The income cutoffs for SNAP eligibility prevented some caregivers from accessing benefits, despite facing food insecurity. Families on the financial edge often find themselves just above eligibility thresholds, which do not consider high costs of living and essential expenses.
Policy Opportunity: Review and adjust income eligibility criteria to better reflect the economic realities of working families, potentially incorporating factors like rent and utilities into eligibility determinations.
Navigating SNAP enrollment and recertification can be daunting. Caregivers cited unexpected loss of benefits due to complex paperwork and frequent errors in processing, which put them at risk of losing vital support.
Policy Opportunity: Simplify recertification, consider extending renewal periods, and implement automated notifications to minimize the administrative burden on caregivers.

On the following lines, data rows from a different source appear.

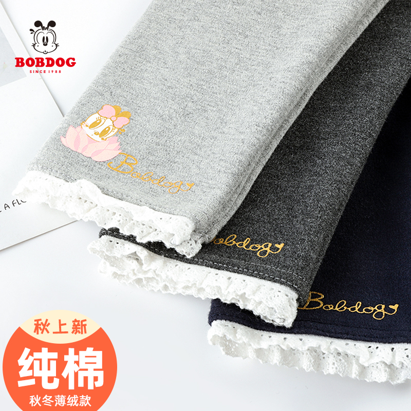 巴布豆女童裤子秋款薄绒春秋外穿洋气纯棉厚款儿童宝宝打底裤长裤
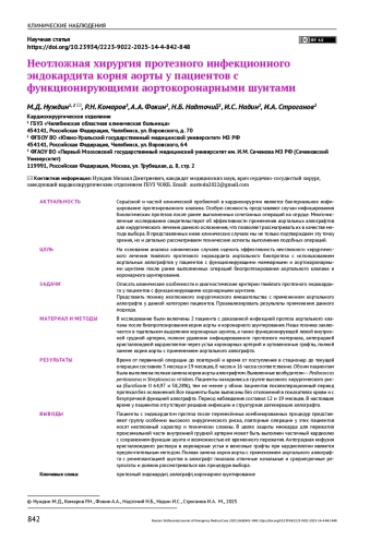 Описать клинические особенности и диагностические критерии тяжёлого протезного эндокардита у пациентов с функционирующими коронарными шунтами. Представить технику неотложного хирургического вмешательства с применением аортального аллографта у данной категории пациентов. Проанализировать результаты применения данного подхода.
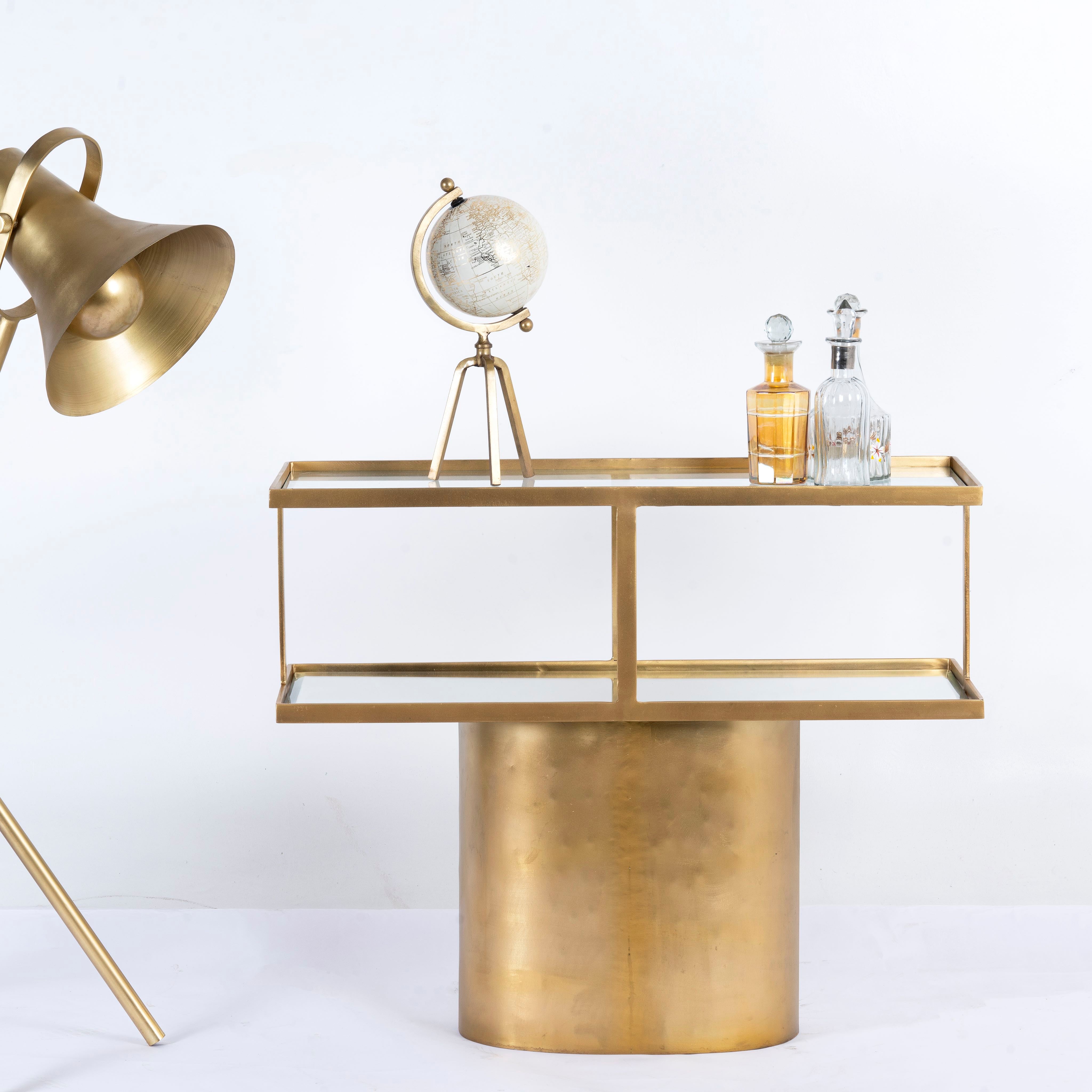 Discover the elegance and versatility of our side table/ bar table Brahmi made of antique brass-plated metal. This beautiful console is a true masterpiece, which gives every room a special look with its refined details and high-quality materials.
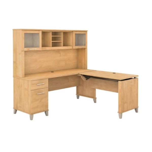 Bush Furniture Somerset 72″W Sit-to-Stand 3-Position L-Shaped Desk with Hutch Hansen Cherry – SET015MC
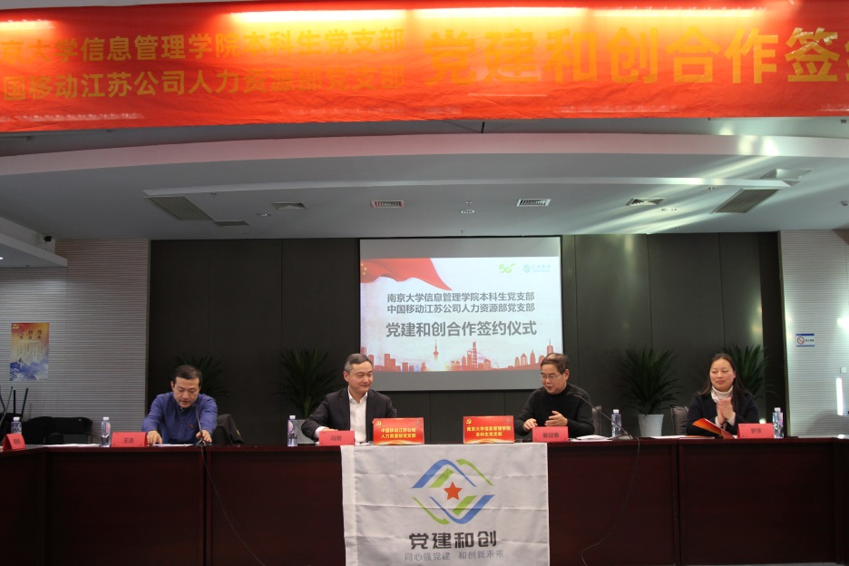 党委组织师生代表30余人赴中国移动通信集团江苏有限公司人力资源部开展“党建合创”结对共建活动。双方签署了结对共建协议和共建大学生实习实训基地协议。这是在“不忘初心、牢记使命”主题教育中,继参观金陵石化后,学院党委“走进知名国企,感受新中国建设成就”系列国情教育活动的第二站,是学院党委拓展校外党建教育资源、校企双方融合共建的新举措。
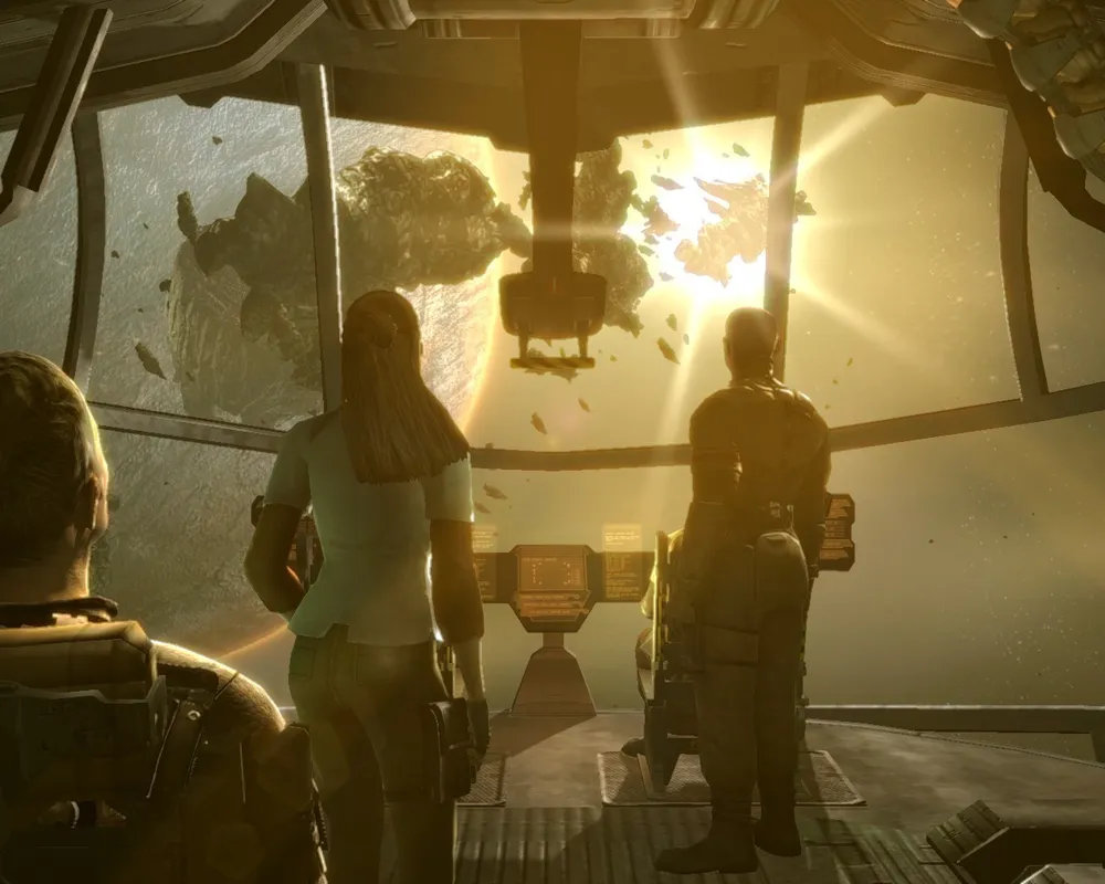 Когда я садился за Dead Space, казалось что после Doom 3 любая "космическая страшилка" будет вторичной. Как бы не так! Уже первые минуты заставляют изменить мнение. Наш герой, член экипажа ремонтного судна, подлетает к огромной шахтерской станции, которая расщепляет на полезные ископаемые целые планеты. Буквально через пять минут пребывания на корабле бедолага понимает: эта поездка станет для него серьезным испытанием. Никто из экипажа не выходит встречать ремонтную бригаду, а жуткого вида монстры вскоре разрывают на части двух его напарников. С этого момента ты и будешь управлять бравым инженером, которому под руководством выживших ремонтников предстоит разобраться, что произошло на станции, и по возможности убраться с неё куда подальше. Завязка выглядит простецкой, но не обманывайся - сценаристы поработали на славу. Сюжет настолько увлекает, что порой только любопытство позволяет совладать с нервами и переступить порог очередной комнаты.

Caregivers expressed enthusiasm for online enrollment and mobile app-based benefit management, finding these options less stigmatizing and more convenient. For instance, the WIC app helps families track eligible items and updates.
Policy Opportunity: Expand online enrollment, virtual support options, and app-based benefit tracking for both WIC and SNAP. These tools provide accessible alternatives for families facing logistical barriers to in-person benefits enrollment and redemption.
Many caregivers suggested that enrolling in WIC and SNAP at health care facilities, such as pediatric clinics, would increase participation. Given the overlap between WIC and SNAP eligibility and families already receiving care, integrated enrollment would minimize redundant visits and simplify access.
Policy Opportunity: Launch pilot programs that embed WIC and SNAP enrollment within clinical settings, ideally facilitated by patient navigators trained in benefits access.
By highlighting these caregiver perspectives, this study underscores the importance of refining WIC and SNAP to ensure they meet families’ needs effectively and respectfully. Policymakers can make tangible improvements by addressing barriers like stigma, product restrictions, eligibility limitations, and administrative complexity. Streamlined processes and a greater focus on flexible, accessible, and dignity-focused programs can ultimately make WIC and SNAP more effective in achieving their core goal: providing consistent and equitable nutritional support to needy families.
The study, “Caregiver Perspectives on Improving Government Nutrition Benefit Programs,” was published on October 8, 2024 in Pediatrics. Authors include DanaRose Negro, Mishaal Yazdani, Lindsay Benitez, Chén C. Kenyon, Alexander G. Fiks, and Aditi Vasan.